I was originally enrolled in a Communications program with a Journalism major. But then I enrolled in three history general education courses, watched the film Letters from Iwo Jima, and read Steve Berry’s The Romanov Prophecy and suddenly felt like I should shift to the Social Sciences program in my university, where I could major in history. I sold the idea to my parents, told them that I will be learning Spanish as part of the curriculum, and they couldn’t say no.

So on my second year, I left journalism to pursue history and this ended whatever chance I had to improve my creative writing skills in college. I wouldn’t write anything “literary” not even a personal essay or a journal entry for the next five years of my life. What I ended up writing in college were mostly joyless, jargon-filled academic papers. I did wrote them well per feedback from my professors, but I didn’t enjoy writing them in general.

There was one which I did enjoy writing, a historical account of my extended family’s affair with pursuing the American Dream. I interviewed my father, looked at his old photographs, read old letters he sent and received from his sisters in the United States, and wrote a short account based on all of these. That was fun to write. But that was it.

After college, I tried so hard to return to creative writing. But I failed miserably. Only after establishing a personal relationship with the craft through daily journaling and encountering the beautiful world of poetry did I felt like I had a good chance of returning to honest, joyful, and beautiful prose.

But I never really left academic writing. For more than seven years, I worked as a freelance editor for undergrads, masters, and PhDs. Every month, I spent over 40 hours poring into academic journal manuscripts, theses, and papers, making sure their language and logic is sound and that they aren’t missing an in-text citation or a reference.

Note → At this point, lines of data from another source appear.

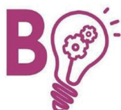
V edycja Budżetu Obywatelskiego w Częstochowie

Dwanaście zadań ogólnomiejskich i 111 dzielnicowych zostanie zrealizowanych w przyszłym roku, w ramach V edycji Budżetu Obywatelskiego w Częstochowie. Zdecydowało o tym ponad 20 tys. mieszkańców.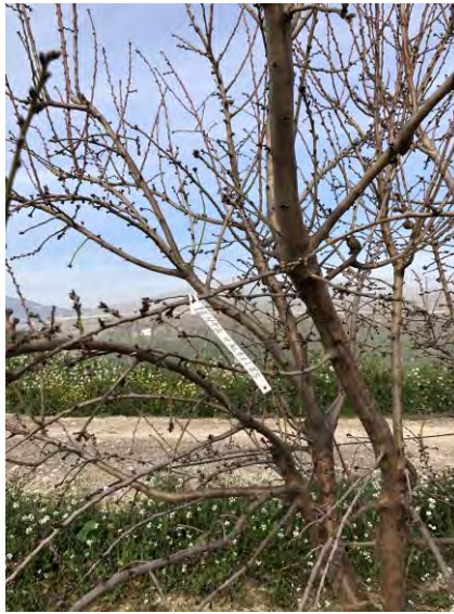
Varietal Penta – estado fenológico D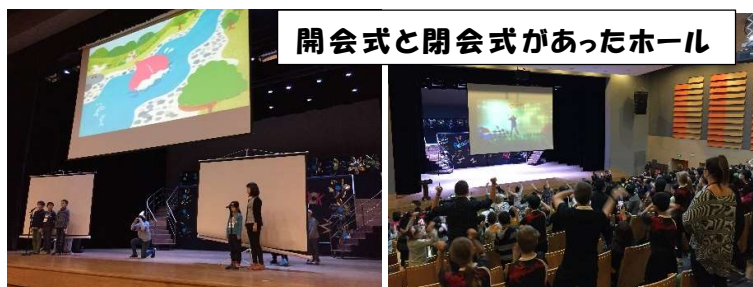
開会式と閉会式があったホール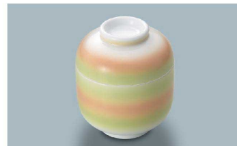
YF-277 GOH(緑オレンジ吹) むし碗蓋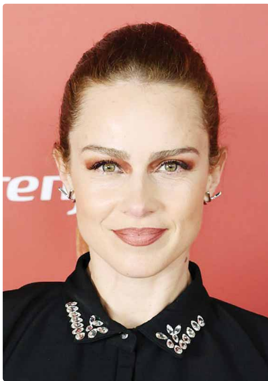
الممثلة الاسبانية كارلا نيبوتو خلال حضورها حفل توزيع جوائز "Fotogramas De Plata" في مدريد

كما نؤكد على أهمية إنشاء النصب التذكاري لشهادتنا الأبرار، تقديراً وتكريماً لهم على تضحياتهم في سبيل الوطن، علماً ان القرار في هذا الشأن من مجلس الوزراء في إنشائه في 8/8/2022، ونأمل أن يتحقق هذا المطلب. نسأل الله ان يديم الأمن والأمان، والاستقرار للكويت وشعبها تحت قيادة صاحب السمو الأمير، حفظه الله. اللهم ارحم شهداءنا الأبرار.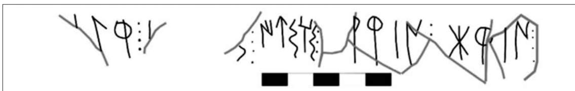
Fig. 5: Dibuix de la segona inscripció.

signe ta , podria ser indicatiu que aquest és el punt d'inici de lectura. Els cinc fragments d'inscripció són (fig. 6): (1) +gír · + , (2) s · iusdis · , (3) arban · , (4) · taf · , i (5) +ban · .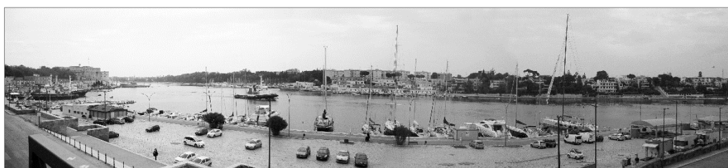
Figura 1. Il porto di Brindisi, Seno di Ponente

Il porto di Brindisi ha origini antichissime, sin dalla dominazione romana, quando divenne uno snodo strategico dell'impero per i traffici verso l'Oriente. Infatti era collocato al termine della via Appia e della via Traiana. Brindisi ha rappresentato un attracco sicuro per secoli, ospitando la Compagnia delle Indie Orientali nel XIX secolo ed, infine, ha avuto un decisivo ruolo militare durante il periodo bellico della prima metà del XX secolo. Il porto di Brindisi, classificato dalla Regione Puglia di I livello, è collocato sulla costa sud-adriatica della Puglia, in una posizione strategica della penisola italiana. E' un porto con funzione passeggeri, commerciale, industriale, militare e turistico, organizzate in tre bacini (Fig.2): porto interno, medio ed esterno.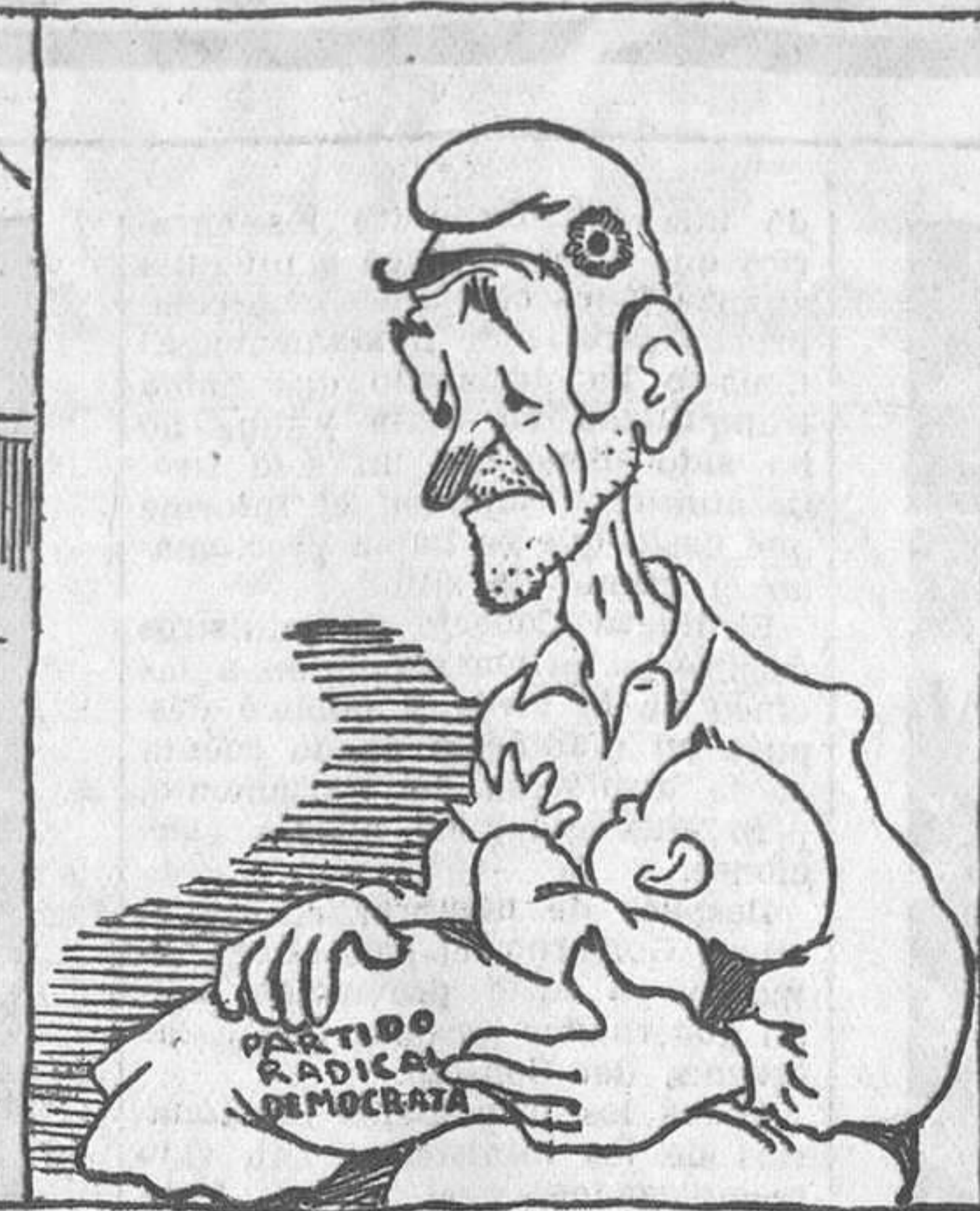
-¡Un chico más! Así no puedo levantar cabeza.

A couple of months ago, I realized that although I was editing academic papers and intuitively knew what makes a good paper, I haven’t written a single one in almost a decade. I was so busy and happy writing blog posts, newsletter dispatches, poems, and journal entries that I began to shed off academic writing.

And so when I got a research proposal writing gig last March—a quantitative study on subjective experiences of inclusion among employees with disabilities—I was surprised to realize that I have forgotten how to write a research proposal. I watched YouTube videos after YouTube videos of tutorials on research writing and browsed multiple samples until I finally remembered.

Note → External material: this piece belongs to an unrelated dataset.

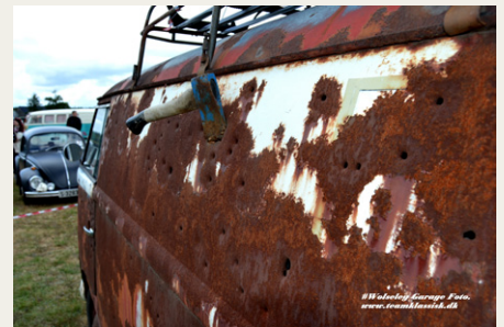
Denne norske varevogn har nok stået ude i ødemarken, været brugt til skydeøvelse og har fået det sidste „Hug“ med øksen, men alligevel kørt hele vejen til Danmark.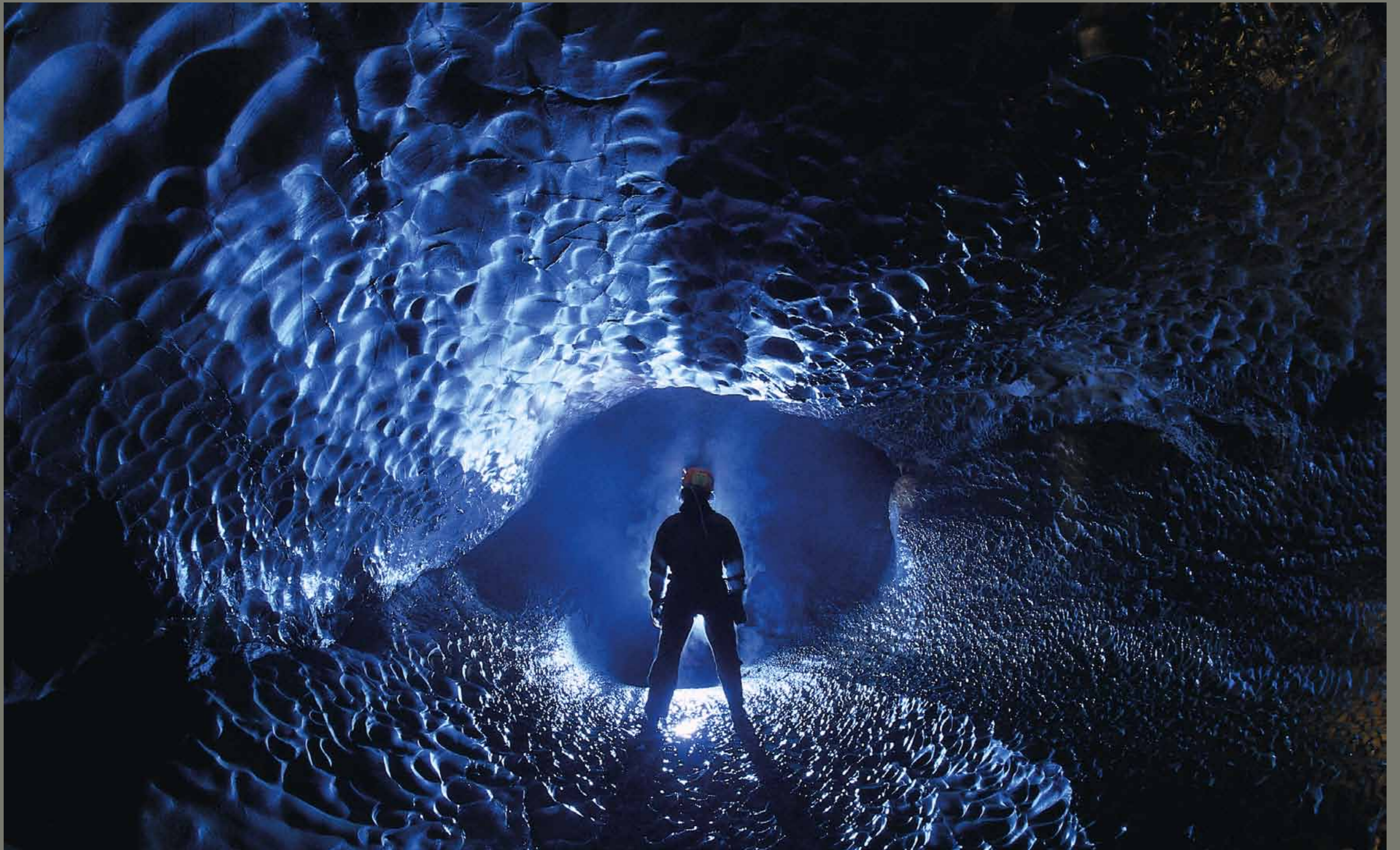
Vodna jama Markov spodmol pri Postojni / Slovenija

I finished the gig, the client was happy, and she told me the proposal was accepted. This July, we would resume working together to finish writing the rest of the paper.

What does this long story have to do with writing a book about Los Baños?

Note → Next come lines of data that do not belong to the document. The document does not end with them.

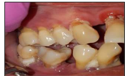
Gambar 2. Gambaran klinis pasien menunjukkan resesi gingiva pada gigi posterior dextra serta akumulasi kalkulus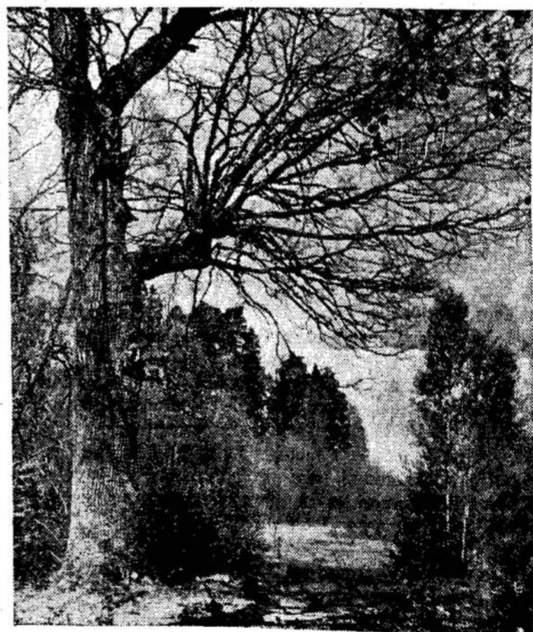
Punios šilas — ramybės karalystė

PANAMA. — Panamos valstiečių bežemių metinės pajamos sudaro vos $40.00.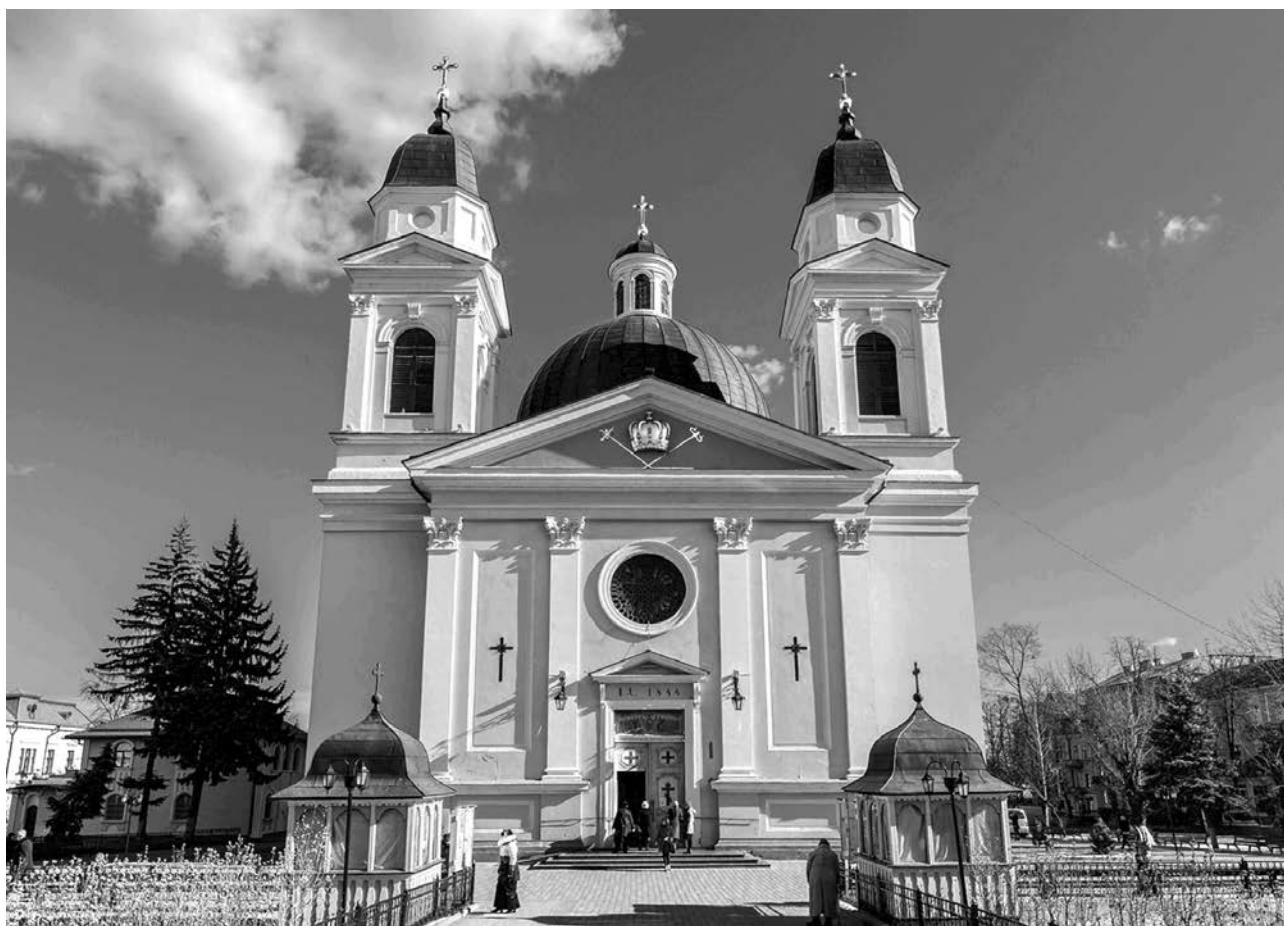
«Рожевий Онурій». Кафедральний собор Святого Духа в Чернівцях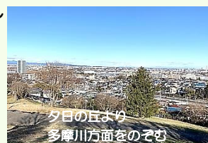
夕日の丘より多摩川方面をのぞむ

The Ateneo Institute of Literary Arts and Practices (AILAP) released a call of submission for its 20th Ateneo National Writer’s Workshop (ANWW20) this year. AILAP was particularly interested in essay submissions that combine academic writing with literary, creative, and poetic writing. The deadline for submissions was April 1.

The deadline was at the back of my mind while I was was helping my client write her research proposal last March. I consider the essay, specifically the personal narrative essay, as my main creative writing form, and I was interested in how I could combine research and literary writing in my work, so attending AILAP’s workshop made a lot of sense.

I finished writing for my client ten days before AILAP’s deadline. I was tired from all the research and writing I did for the past three weeks that I doubted whether I could write something from scratch to send to AILAP.

I was ready to let it go but the fear of regret was too much to bear. Also, I was able to write the first draft for my client’s proposal in just ten days. Knowing that I could pull something like this was too hard to ignore. So, I gave it a try. I told myself, I will send the essay to AILAP no matter what its form.

With only ten days, I got right to work. I decided to write about something I know and incorporate writings I already have in my journal and website. The topic was easy: I will be writing about walking, specifically the long walk I did from Los Baños to San Pablo City in June 2022. I will explore the questions that that walk provoked, namely “why was I walking?” and mine my journals for answers.

Since AILAP requires work that uses a theory, I looked for something in the literature and discovered autoethnography. I used autoethnography to talk about walking, how walking can be used as an alternative method for research, particularly researching oneself, and how all of these tie up to me leaving my childhood religion and using walking to cope from it.

On April 1, I managed to put together a 5,000-word entry, which I happily sent. About three weeks later, I received an email from AILAP telling me that my entry landed me a seat at the ANWW20 as fellow where I am joining seven other young writers from different parts of the Philippines.

This will be my first national writing workshop, so I am approaching it with intention. I am looking at the workshop not just as a way for me to find integration between the creative writing, which I knew as a child, left in college, and am returning to these days, and the academic writing, which I am not yet ready to lose and may never.